La confusione derivante da queste continue “toccate e fughe” è stata, da ultimo, placata dall’esito del “vertice telefonico” che si è tenuto oggi nel primo pomeriggio tra il Presidente francese, François Hollande, ed il Cancelliere tedesco Angela Merkel: i due leader hanno fatto sapere, secondo quanto si apprende da un portavoce della “Cancelliera di ferro”, di essere “pronti a tutto per salvare l’euro”, dunque concordi con quanto dichiarato ieri da Mario Draghi. Un forte segnale di stabilità, che non a caso sta mettendo le ali alle Borse del Vecchio Continente. Mentre resta ancora il giallo su un possibile piano di interventi di 300 miliardi, con il coinvolgimento di Fondo monetario internazionale, Commissione europea e Bce (la “Troika”), per mettere in sicurezza l’intera Spagna e non solo il suo sistema bancario.
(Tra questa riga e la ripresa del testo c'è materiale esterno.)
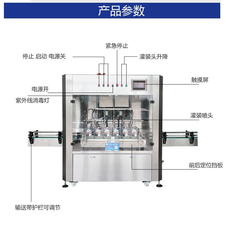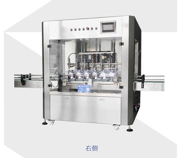 該六頭柱塞式全自動(dòng)潤(rùn)滑油灌裝機(jī)特的灌裝頭設(shè)計(jì)及真空回吸系統(tǒng),確保灌裝過(guò)程無(wú)殘油滴漏,快慢雙速灌裝,灌裝速度可調(diào),杜絕溢瓶現(xiàn)象。該機(jī)采用動(dòng)力灌裝,無(wú)需配裝高位罐,簡(jiǎn)化了安裝工序,提高了灌裝效率。履帶式壓蓋機(jī),穩(wěn)定無(wú)噪音,無(wú)空壓現(xiàn)象。觸摸屏界面友好,操作簡(jiǎn)捷,SIEMENS PLC控制系統(tǒng),運(yùn)算速度快,性能穩(wěn)定,品質(zhì)卓越。電、氣件均采用精品元件,確保整機(jī)運(yùn)作穩(wěn)定。

Sembrerebbe, dunque, almeno per il momento, vinta la visione miope (dal punto di vista politico) della Bundesbank. Fosse stato per lei, l’unificazione delle due Germanie, all’indomani del crollo del Muro di Berlino il 9 novembre 1989, non sarebbe mai avvenuta: era ritenuta troppo costosa per la Germania Ovest. Fortunatamente, allora, un politico lungimirante come Helmut Kohl seppe reagire a questo modo puramente contabile di affrontare i grandi cambiamenti storici. Oggi come allora, l’Europa ha bisogno di statisti capaci di visioni di lungo periodo e potremmo dire, parafrasando Alcide De Gasperi, che guardino non alle prossime elezioni ma alle future generazioni.